The stopping criterion was set to 80.

### Self-adapting mutation rate

For the self-adapting strategy each individual has a different mutation rate
for each parameter pair (x and y position of the polygons).
The convergence of the self-adapting evolutionary strategy is only weakly
affected by changes of the meta mutation parameter (see Figure II).
The mean mutation rate of the whole generation converges automatically to an optimum (Figure III and IV).

**Figure II:**(Self adapting mutation rate, `ib-2_reguliert`)
Median, lower and upper quartile of the error values (y-axis) for 100 simulations are shown for
different meta parameters (x-axis). The result is stable against these.

**Figure III: **(Self adapting mutation rate, , `ib-2_reguliert`)
The mean mutation rate of the whole population (100 individuals) is shown for each optimization step (generation).
The mean mutation rate converges to about 0.02 which was the optimum for the fixed strategy (compare Figure I).
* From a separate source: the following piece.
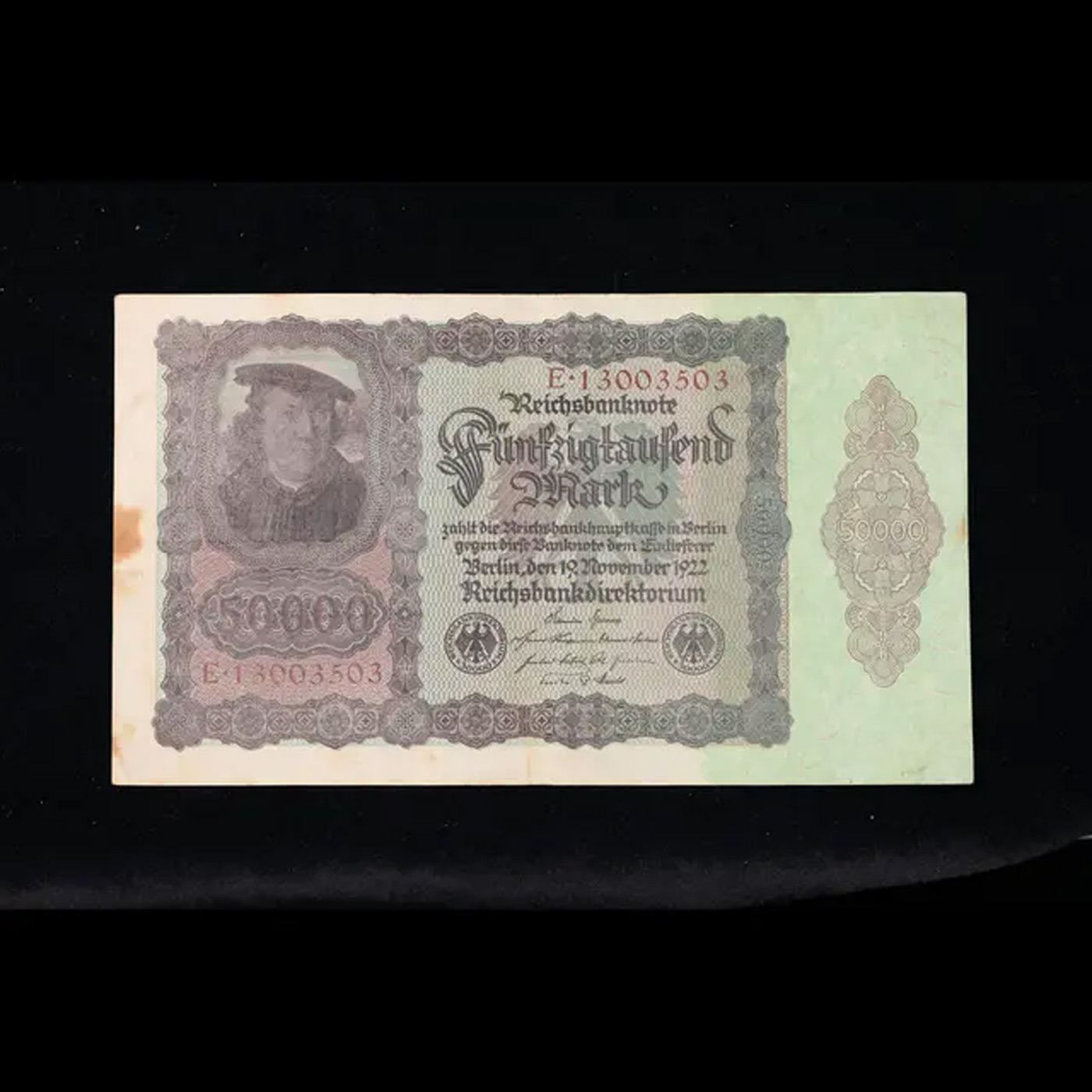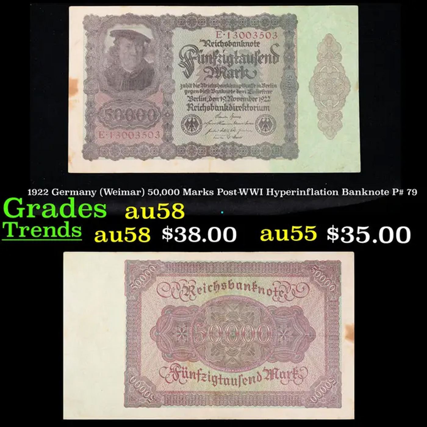 1922 Germany (Weimar) 50,000 Marks Post-WWI Hyperinflation Banknote P# 79 Grades Choice AU/BU Slider. In the early 1920s, post-WWI Germany saw its economy spiraling out of control. Hyperinflation started directly after the war in 1918, but truly took over the Weimar Republic from 1921 to 1923. The value of the Mark declined incredibly rapidly. 1 USD was equal to 50 German Marks at the beginning of 1920. Toward the end of 1923, 1 USD was equal to over 4,200,000,000,000 German Marks. At times, denominations of the Mark became less valuable than the paper and labor to print it almost immediately after printing. Thus, denominations of the Mark notes became incredibly large, ending up in the tens of trillions.

**Figure IV: **(Self adapting mutation rate, `ib-2_reguliert`)
Distribution of the mean mutation rate over 100 simulations with the self-adapting strategy.
Each simulation results in one value (mean over all mutation rates of that population in the terminal generation).

### Simulation over different data sets

Additionally the behaviour of both optimization methods was evaluated over different (GoMiner) data sets.
For each data set the median, lower and upper quartiles of the error values
(the error values are shifted to 1 to correct for the logarithmic plot) over 100 simulations
are shown in the diagram below.
The following parameter settings were used:
- Blue bars: Constant mutation rate 0.02
- Red bars: Self-adapting mutation rate with meta parameter tau = 0.5

For every data set the self-adapting algorithm resulted in smaller error values than the
non-adaptive algorithm. The p-values of the one-sided Wilcoxon rank sum test (exact p-values) were all
below 6.28e-5 (Bonferroni correcting a significance level of 0.05 results in an individual significance level of 0.0015 for the given data).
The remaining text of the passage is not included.